Qualitatively similar effects of S/P ratio were observed in the pyrolysis-reforming of PP [63, 64], LDPE and PS [63] and municipal plastic wastes [65], which is a widely proven fact in the gasification of different polymeric materials [58, 66].

3.1.4. Catalyst deactivation

Knowledge of catalyst deactivation is essential for its choice, design of the reactor and establishment of the optimal strategy for the operation of industrial catalytic processes. It is well documented that coke deposition is the main cause of catalyst deactivation in the pyrolysis-reforming of plastics [63, 67], as well as in the reforming of hydrocarbons and oxygenates (methanol, DME, ethanol, bio-oil) [68, 69]. This deposition is especially important for Ni based catalysts.

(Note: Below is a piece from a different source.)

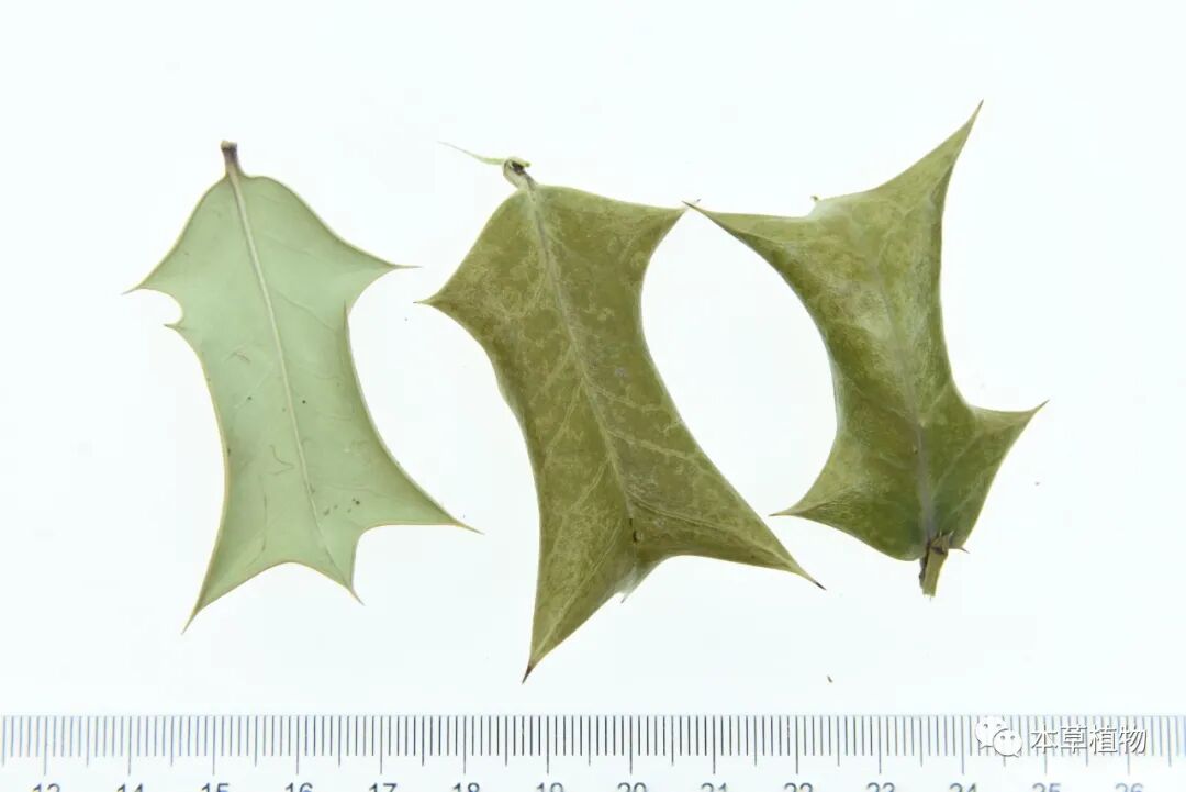 17、枸骨叶:本品为冬青科植物枸骨Ilex cornutaLindl. et Paxt.的干燥叶。秋季采收,除去杂质,晒干。

The commercial catalyst used in this study does not undergo a significant Ni sintering because it is designed to use in CH4 reforming, which is a reaction carried out at a temperature of around 850°C, i.e., higher than the highest used in this study (700°C). The plastics used do not contain S, and therefore the deactivation cause is the deposition of coke. Three different types of coke have been identified in the reforming of CH4 on Ni catalyst: pyrolytic, encapsulating and filamentous [70]. Numerous studies support this classification of the coke deposited in the reforming of CH4, hydrocarbons and biomass derivates.

Wu and Williams [26] have verified by transmission electron microscopy (TEM) that the coke deposited on Ni catalyst used in the production of hydrogen by pyrolysis-reforming of PP is composed of two types of coke, amorphous and filamentous, with the latter having similar characteristics as carbon nanotubes and graphene (according to their graphitization degree). Considering the commercial interest of filamentous coke for these applications, Acomb et al. [63] have studied the simultaneous production of carbon nanotubes and hydrogen through pyrolysis-reforming of PP, which improves the economy of the process and provides an additional incentive for the viability of plastic recycling.

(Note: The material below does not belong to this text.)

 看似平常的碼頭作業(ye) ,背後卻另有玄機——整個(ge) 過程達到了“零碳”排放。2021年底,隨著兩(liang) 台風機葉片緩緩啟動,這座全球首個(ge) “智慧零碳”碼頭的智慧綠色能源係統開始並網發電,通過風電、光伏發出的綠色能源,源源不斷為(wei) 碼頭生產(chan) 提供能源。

In this section, a study is carried out of the effect catalyst deactivation has on conversion and product yields with time on stream. The reaction conditions used are as follows: (i) temperature in the pyrolysis step, 500°C; (ii) temperature in the reforming step, 700°C; (iii) space time, 16.7 gcatalyst min gHDPE−1 and (iv) S/P ratio, 4. The study has been carried out under conditions in which a slow deactivation of the catalyst is observed, evaluating the effect of the incipient deposition of coke and the evolution of this deposition up to 123 min of reaction.

Figure 5 shows the effect catalyst deactivation has on plastics conversion (Figure 5a) and product yields (Figure 5b). As observed, whilst the reforming reaction progresses with time on stream the conversion of plastics decreases due to the deactivation undergone by the catalyst, decreasing linearly from 98.1% at zero time on stream to 90.3% in 123 min. Besides, comparing the evolution of conversion (Figure 5a) and the evolution of product yields (Figure 5b), the decrease in H2 and CO2 yields decrease in a similar trend to that of conversion, as catalyst deactivation hinders the reforming reaction, as well as the WGS reaction. Consequently, CH4, C2▬C4 and C5+ hydrocarbon yields increase. As observed in Figure 5, the conversion and the yields of H2 and CO2 decrease linearly and those of CH4, C2▬C4 and C5+ hydrocarbons increase linearly. The lineal catalyst deactivation rate observed should be attributed to: (i) high temperature favoring the kinetics of reforming reactions due to their endothermic nature, which leads to a low concentration of hydrocarbons in the reaction medium, and therefore low coke deposition rate (low catalyst deactivation); (ii) high temperature enhances the gasification of the deposited coke and so minimize catalyst deactivation [68].

Figure 5.

(a) Evolution of HDPE conversion with time on stream; (b) evolution of product yields with time on stream. Reaction conditions: Tpyrolysis, 500°C; Treforming, 700°C; space time, 16.7 gcatalyst min gHDPE−1; S/P = 4.

As a result of reforming activity decrease, CH4, C2▬C4 and C5+ fraction yields increase over time, which is more noticeable as the molecular weight of the hydrocarbons increases. This trend is explained by the reforming of C5+ hydrocarbons in parallel with the thermal cracking of these compounds towards CH4 and C2▬C4. Consequently, as reforming rate decreases due to catalyst deactivation the thermal cracking reactions are favored. This cracking phenomenon is well known in deactivated catalysts and is more important as the molecular weight of aliphatic compounds is higher [71].

It is established in the literature that paraffin capacity for coke formation is greater as their molecular weight is higher [72]. Similarly, the capacity for coke formation of ethylene and benzene, is higher than that of paraffin compounds [71]. It is also well recognized that the coke formed on a Ni catalyst at high temperature is more filamentous and with less capacity for blocking Ni sites [68, 71].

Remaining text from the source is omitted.